- Theatrical release poster
- Directed by: Alejandro Chomski
- Written by: Wendy Hammond
- Starring: Jesse Garcia Angela Sarafyan Bai Ling Meltem Cumbul Debi Mazar Rena Owen Jonathan LaPaglia Dana Delany
- Cinematography: Nancy Schreiber
- Edited by: Alex Blatt
- Music by: Ruy Folguera
- Release dates: August 14, 2008 (LAFF); October 2, 2009 (United States);
- Running time: 81 minutes
- Country: United States
- Language: English

= A Beautiful Life (2008 film) =

A Beautiful Life is a 2008 American drama film directed by Alejandro Chomski and starring Jesse Garcia and Angela Sarafyan. It was released by New Films International, adapted from the play Jersey City by Wendy Hammond. The film received a 0% score on the review aggregator site Rotten Tomatoes.

==Plot==
A young woman, Maggie (Angela Sarafyan), is on the run from her abusive father. David (Jesse Garcia) is an illegal immigrant working as a dishwasher while searching for his mother in Los Angeles. The two meet and fall in love.

==Cast==
- Angela Sarafyan as Maggie
- Jesse Garcia as David
- Bai Ling as Esther
- Meltem Cumbul as Antanas
- Debi Mazar as Susan
- Rena Owen as Sam
- Jonathan LaPaglia as Vince
- Dana Delany as Anne
- Enrique Castillo as Don Miguel
- Ronnie Gene Blevins as Henry
- Walter Perez as Enrico
- Ștefan Bănică Jr. as Jack
- Saadet Aksoy as Denise
- Andreea Marin Banica as Britney
- Tuba Ünsal as Sadenaz
- Kayla Paige as Lucy
- Deborah Calla as Virginia
- Royana Black as Cathy
- Dan Kelpine as Jim

==Release==
Although produced in 2008, the film was not released widely in North America until October 2, 2009, and first appeared on DVD on March 1, 2011.

This was the second film by New Films International, a long-existing global independent film distribution company based in Sherman Oaks headed by Nesim Hason, whose new American division was led by Tim Swain. The company describes its focus as "festival-driven, high-quality, cast-driven indie films".

==Reception==
A Beautiful Life received poor reviews from the twelve sources noted by the Rotten Tomatoes website. Metacritic gave the film a score of 13 out of 100, summarizing the reviews of the seven critics it measured as "overwhelming dislike".
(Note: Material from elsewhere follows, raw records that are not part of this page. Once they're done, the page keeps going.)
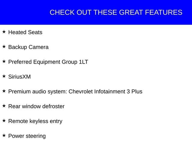 This Chevrolet Malibu has great equipment and many features including, Heated Seats, Backup Camera, 17 Aluminum Wheels, Delay-off headlights, Fully automatic headlights, Power steering, Power windows, Preferred Equipment Group 1LT, Premium audio system: Chevrolet Infotainment 3 Plus, Rear window defroster, Remote keyless entry, SiriusXM, Steering wheel mounted audio controls.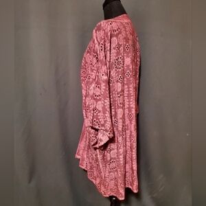 Lucky Brand Kimono features lightweight material with eyelet details throughout. Open front and 3/4 length sleeves.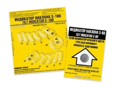 Shock indicators - single-use numbered devices fixed outside the box with the goods.
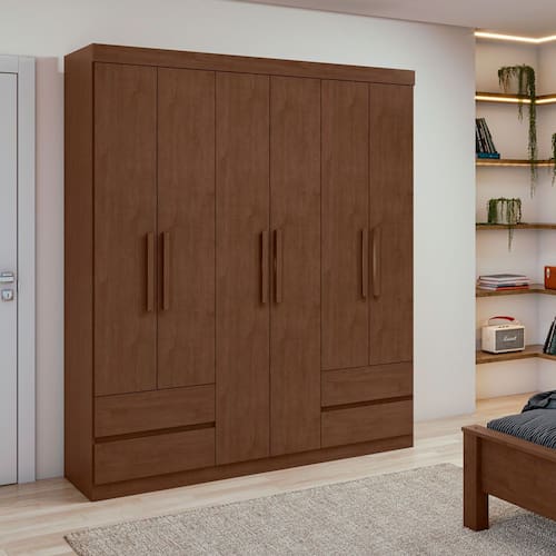 O Guarda-roupa Zeus 6 pts combina bem com qualquer espaço e se adequa perfeitamente aos dormitórios com espaços limitados, sem deixar de acomodar os itens necessários à rotina e mantendo o quarto sempre em ordem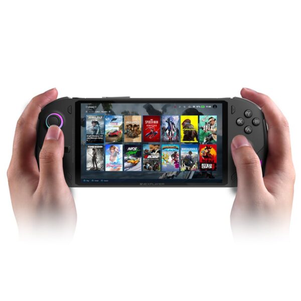 - Onexfly F1 PRO’s Screen: 7 Inches OLED screen,152% sRGB, 112% DCI-P3, 800 Nits, 16:9 Ratio, 315 ppi pixel density,DC dimming(No flicker),Refresh Rate 144Hz. 178 degree super-large viewing angle, support 10-points touch, and bring a clear and exquisite game quality experience comparable to a large-screen game book.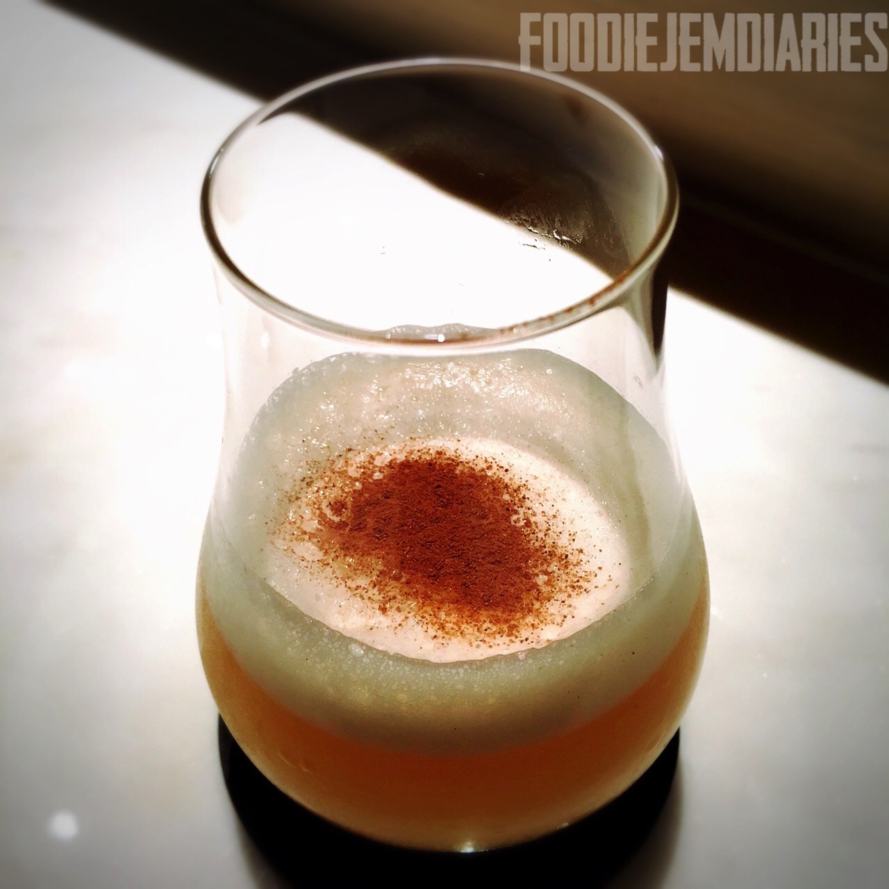- Cinnamon and egg foam adda whimsical element, as well as sweetness to offset the bitterness from the bourbon.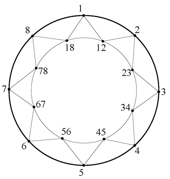 ([21]). Let G be a graph with vertex set and edge set ; a total graph () of G is a graph in which vertex set is and two vertices in are adjacent whenever they are either adjacent or incident in G. In the proof below, let and comprise the vertex set of in which for (Figure 2).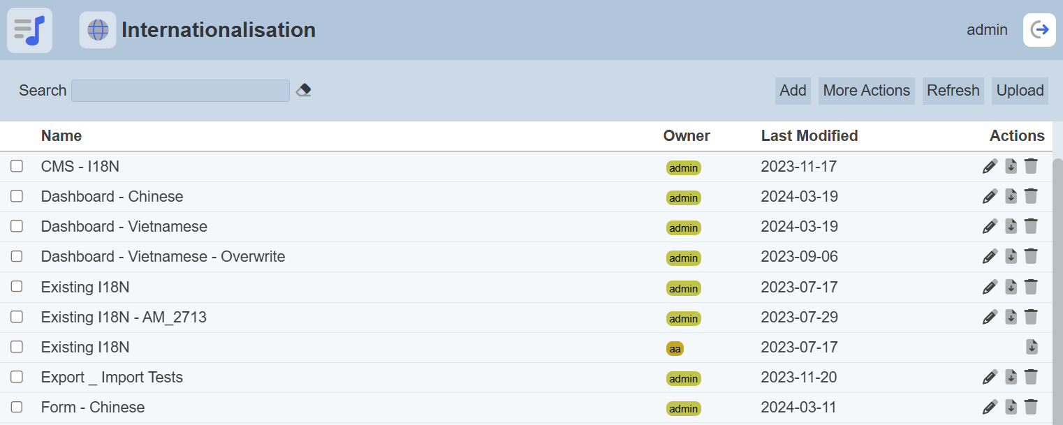 The Internationalisation (I18N) module allow users to create translations for other Ambience modules, such as the Form module, etc. Users can now provide localized versions of text and content.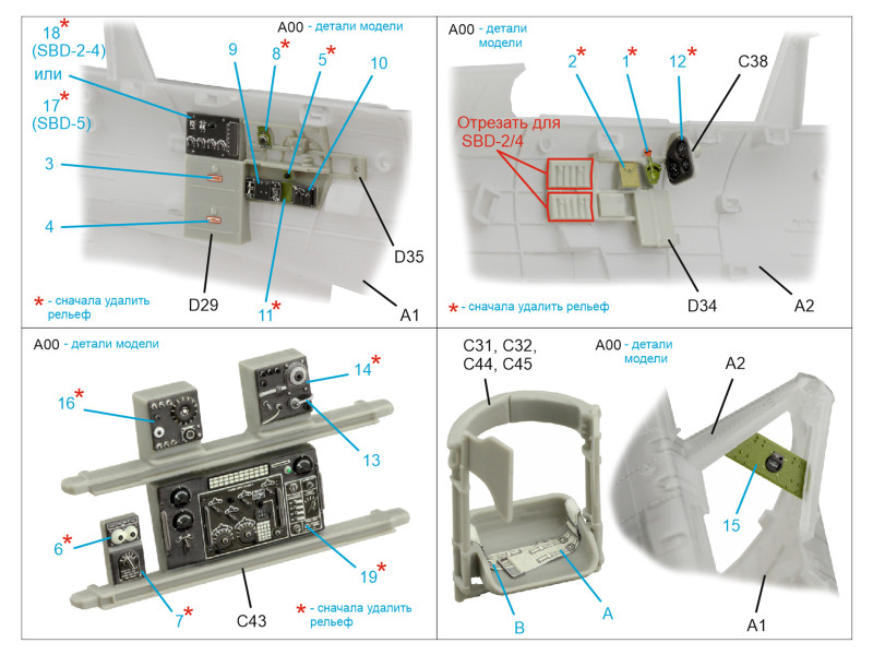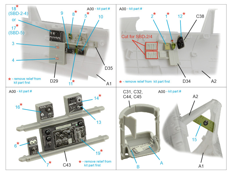 SBD Dauntless Family Rear Cockpit 3D-Printed & coloured Interior on decal paper (Trumpeter) | |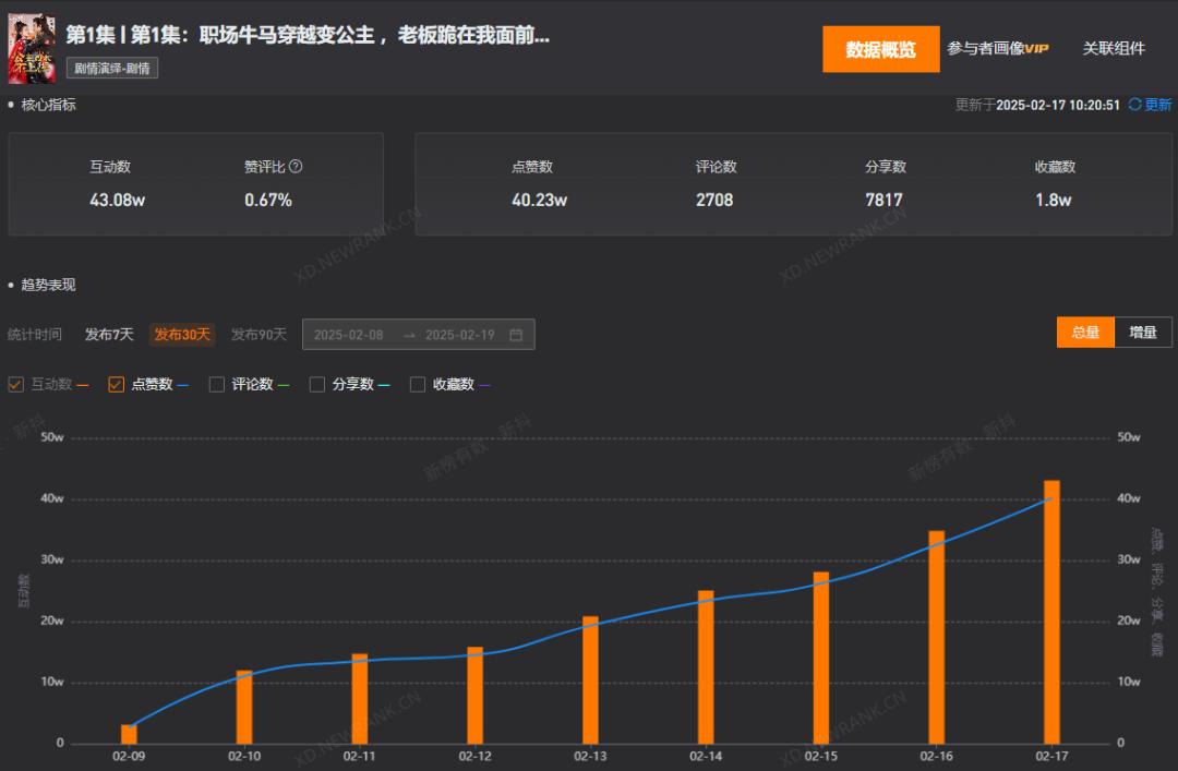 根据制片人“准时工作室”和演员“芝月”的账号数据,截至2月18日下午,5集短剧的总赞数接近100W。

The New York Times called it a "laughably clichéd dive into sexual masochism", and The Village Voice saw it as a "misery pile up ... about broken souls and crossed paths destined for the trash heap. Scream, smash, slap, cry, repeat."

Slant gave it a half-star out of four, saying that "its awfulness [comes] in so many forms that it's hard to single out just one appalling example". Variety felt that it provided "unintentional laughs by the barrel", and predicted that the film would be a box office bomb. NPR said that although the film deals with some serious topics, the random nature of characters and controversies made it hard to appreciate them, describing it as "too earnest to be a hoot, and too amateurish to be anything else".